While Mid-Shore Pro Bono’s services are limited to clients within set income guidelines, the mediation centers’ services are available to everyone. Being able to refer cases to one of the mediation organizations allows Brown to help even those whose income or assets are above the agency’s limits, but who still may not be able to afford an attorney.
Mid-Shore Pro Bono’s caseload has grown significantly since the agency moved from Centreville to its new, more accessible location in downtown Easton. Brown attributes that increase both to greater visibility and to the difficult economy.
“There has been an enormous influx of civil cases,” she said. “Mediation is an appropriate alternative for many of them and can keep participants from ever entering a courtroom.”
Jim Richardson is a Queen Anne’s County attorney and trained mediator who volunteers twice a month at Mid-Shore Pro Bono. Immediate past national president of the Federal Bar Association, he countered the perception that attorneys do not support mediation.
“Most attorneys are not opposed to mediation,” he explained. “However, they can be opposed to solving problems any way that is not the way they know. Most family lawyers are trial attorneys and think in terms of winning and losing.
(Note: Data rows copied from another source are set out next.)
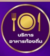
บริการอาหารท้องถิ่น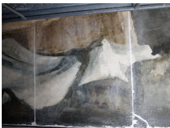
Reintegración de separación de paneles, grietas y volúmenes faltantes mediante mortero.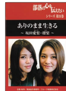
(24分) (2017年) (字幕付き) No.160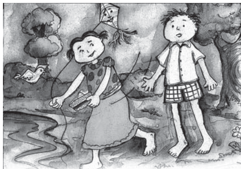
चित्र : 4

बच्चों के साथ इस तरह कविता पर काम करने का यह मेरा पहला अनुभव था। कविता पर काम करते हुए मुझे महसूस हुआ कि अगर कविता बच्चों की रुचि व स्तर के अनुसार हो और उसमें गेयता हो तो वे जल्दी ही उसको गाना सीख जाते हैं। यह सीखना उनके उस कविता को पढ़ने और लिखने को सरल बनाता है, क्योंकि बच्चे अर्थ से जुड़ पाते हैं। मैंने पहले भी बच्चों के साथ कविताएँ की हैं लेकिन वह मुझे ही रूखी लगती थीं। मसलन, यह कविताएँ देखें :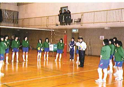
バレーボールの合宿風景（レクホール）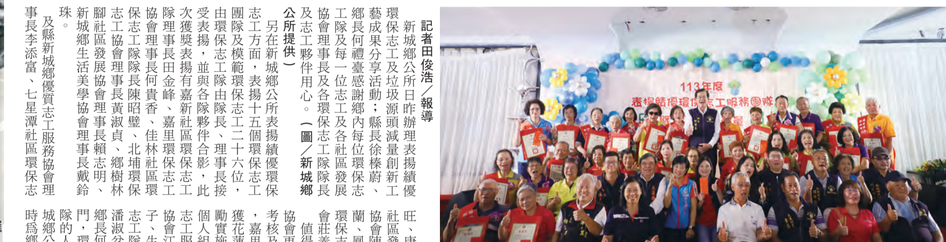
圖：新城鄉公所表揚績優環保志工，由鄉長黃發主持，多位鄉民代表及社區發展協會代表出席。

記者田俊浩/報導 新城鄉公所日前表揚績優環保志工，由鄉長黃發主持，多位鄉民代表及社區發展協會代表出席。表揚對象包括多位在環保領域做出傑出貢獻的志工。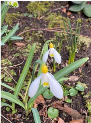
Bijzonder geel sneeuwkllokje.

mee naar de eerste tuin die we bezochten: Tuinfleur. Deze 400 meter lange tuin was opgebouwd uit vele tuinkamers door middel van prachtige door tuineigenaar Pieter gesnoeide beukenhagen. Gastvrouw Rika is galantofiel. Niks ernstigs, ze is gewoon gek van sneeuwkllokjes. En die liefhebberij uit zich in alles: in de tuin die uiteraard vol staat met bloeiende sneeuwkllokjes maar ook met kunstwerken die sneeuwkllokjes uitbeelden. Er is zelfs een sneeuwkllokje naar haar genoemd: Galanthus 'Lovely Rika'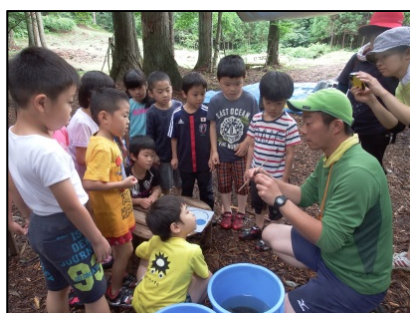
【イワナつかみ (イメージ)】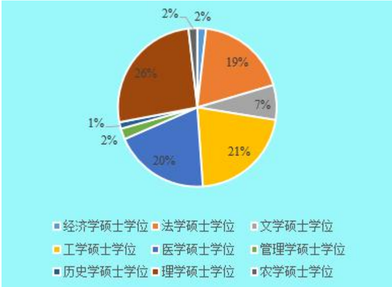
图 1 硕士科学学位授予分布图

218 人，全日制硕士专业学位 324 人，在职专业学位及同等学力申请硕士学位 89 人。具体结构分布见下图：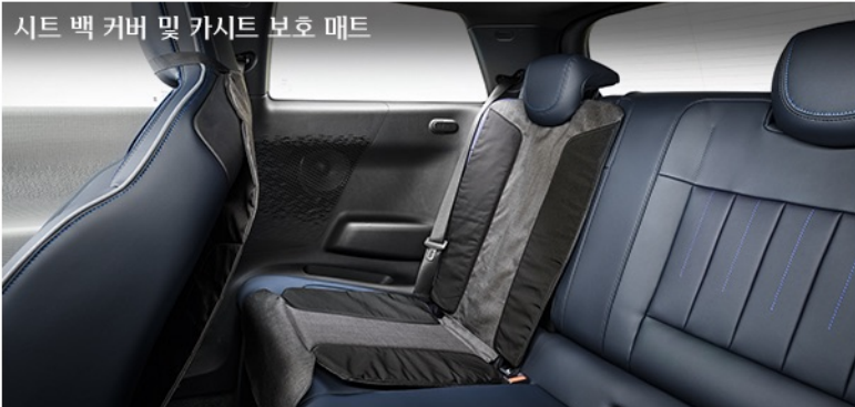
시트 백 커버 및 카시트 보호 매트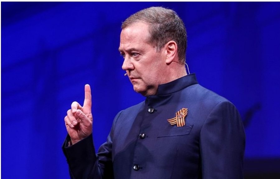
Фото: Російські ЗМІ (ілюстративне фото)

У підручниках за редакції Медведева стверджується: "сучасна російська наука" заперечує, що СРСР був тоталітарною державою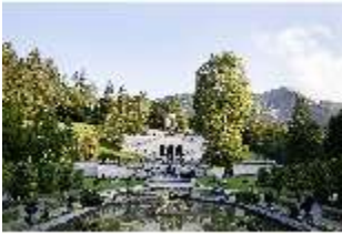
Lin.VI, Ludwignacht 2015, DI008619, BSV-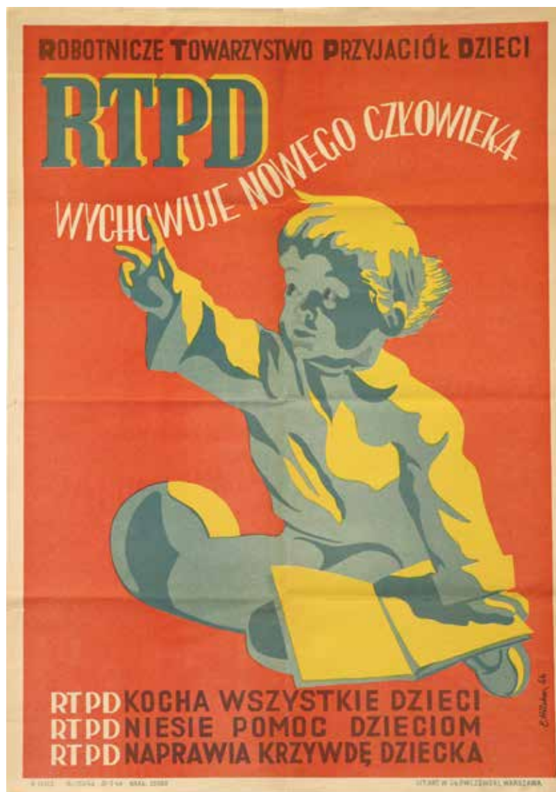
Kat. 13. E. Hilchen, RTPD wychowuje nowego człowieka

Mediation is a win-win process.”
“Both Mid-Shore Pro Bono and the mediation centers are working with people who would not otherwise have access to legal services,” added Brown. “We’re not taking cases from attorneys or paid mediators. We’re taking cases that would have slipped through the cracks.”
Richardson noted that judges are very supportive of mediation. “The court system is becoming clogged,” he said. “Talk to any Federal District Judge and they will say that alternative dispute resolution is the greatest thing that’s happened to American jurisprudence.”
Penni Doyle, Executive Director of Community Mediation Upper Shore, described getting to mediation as a matter of educating the public. “Most people think either in terms of Jerry Springer or Judge Judy,” she said. “There is a third option. You can talk and come up with a solution that really solves the problem.”
The legal system is not necessarily left out of the mediation process. “If people write an agreement in mediation,” said Peter Taillie, Executive Director of Mid Shore Community Mediation Center, “they may want that agreement to be signed off on by an attorney.” In that situation, the case may be referred back to Mid-Shore Pro Bono for legal services.
The mediation centers are ready for the cases headed their way. Doyle has 35 to 40 trained, volunteer mediators working with her center, while Taillie has more than seventy. Both are eager to work with Mid-Shore Pro Bono.
Taillie described the collaboration as a classic case of the courts, community service agencies and legal nonprofits working together to provide the most appropriate service for each individual. “It’s unprecedented,” he added.
“It’s all about being effective and efficient,” said Brown. “We would like to preempt unnecessary litigation and focus on those cases that really cannot be resolved in mediation. Working together, we can help make sure no one slips through the cracks.”